Greatest hits album by Van Halen
- Released: July 20, 2004
- Recorded: 1977–1994, 2004
- Genres: Hard rock; heavy metal; glam metal;
- Length: 156:57
- Label: Warner Bros.
- Producers: Van Halen; Ted Templeman; Mick Jones; Donn Landee; Andy Johns; Bruce Fairbairn; Glen Ballard;

Van Halen chronology
| Van Halen III (1998) | The Best of Both Worlds (2004) | A Different Kind of Truth (2012) |

= The Best of Both Worlds (Van Halen album) =

The Best of Both Worlds is the second greatest hits album by American rock band Van Halen, released on July 20, 2004, on Warner Bros. The compilation features material recorded with lead vocalists David Lee Roth and Sammy Hagar, but omits Gary Cherone's three-year tenure with the band. Prior to The Best of Both Worldss release, Hagar reunited with Van Halen, and the band recorded three new tracks to include on the release.

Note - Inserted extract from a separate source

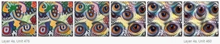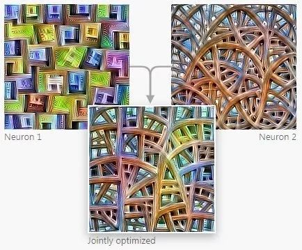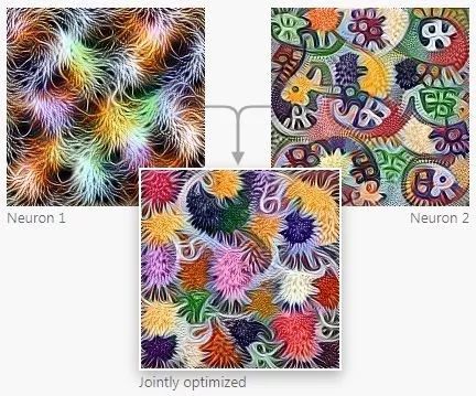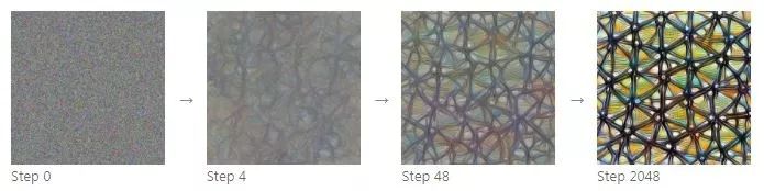 这些图样就像是作弊图形,用现实生活中不存在的方式激活了神经元。如果优化的步骤足够多,最终得到的东西是神经元确实有响应,但人眼看来全都是高频图样的图像。这种图样似乎和对抗性样本的现象之间有紧密的关系。(AI 科技评论编译也有同感,关于对抗性样本的更早文章可以看这里)

Debuting at #3 in the US, the album coincided with a reunion tour, and certified Platinum. It is the last Van Halen album to feature contributions from Hagar.

Professional ratings
Review scores
| Source | Rating |
| AllMusic | Star Half star |
| Entertainment Weekly | B |
| Rolling Stone | Star Half star |

==Background==
The compilation features 16 tracks taken from the six David Lee Roth era albums (1978–1984), and 14 from the four Sammy Hagar era albums (1986–1995), plus three live songs with Hagar from Live: Right Here, Right Now (1993), and three new songs with Hagar made for the compilation. The album was released in promotion of the new reunion tour featuring Hagar returning as lead singer. The three new songs were also performed live at various times.

Michael Anthony did not play bass guitar for the three new songs, although he did provide backing vocals for them. He also did not write any of the three songs. Anthony was not an official band member at that point and the songs were recorded before he rejoined. The bass guitar on the new songs was played by Eddie Van Halen.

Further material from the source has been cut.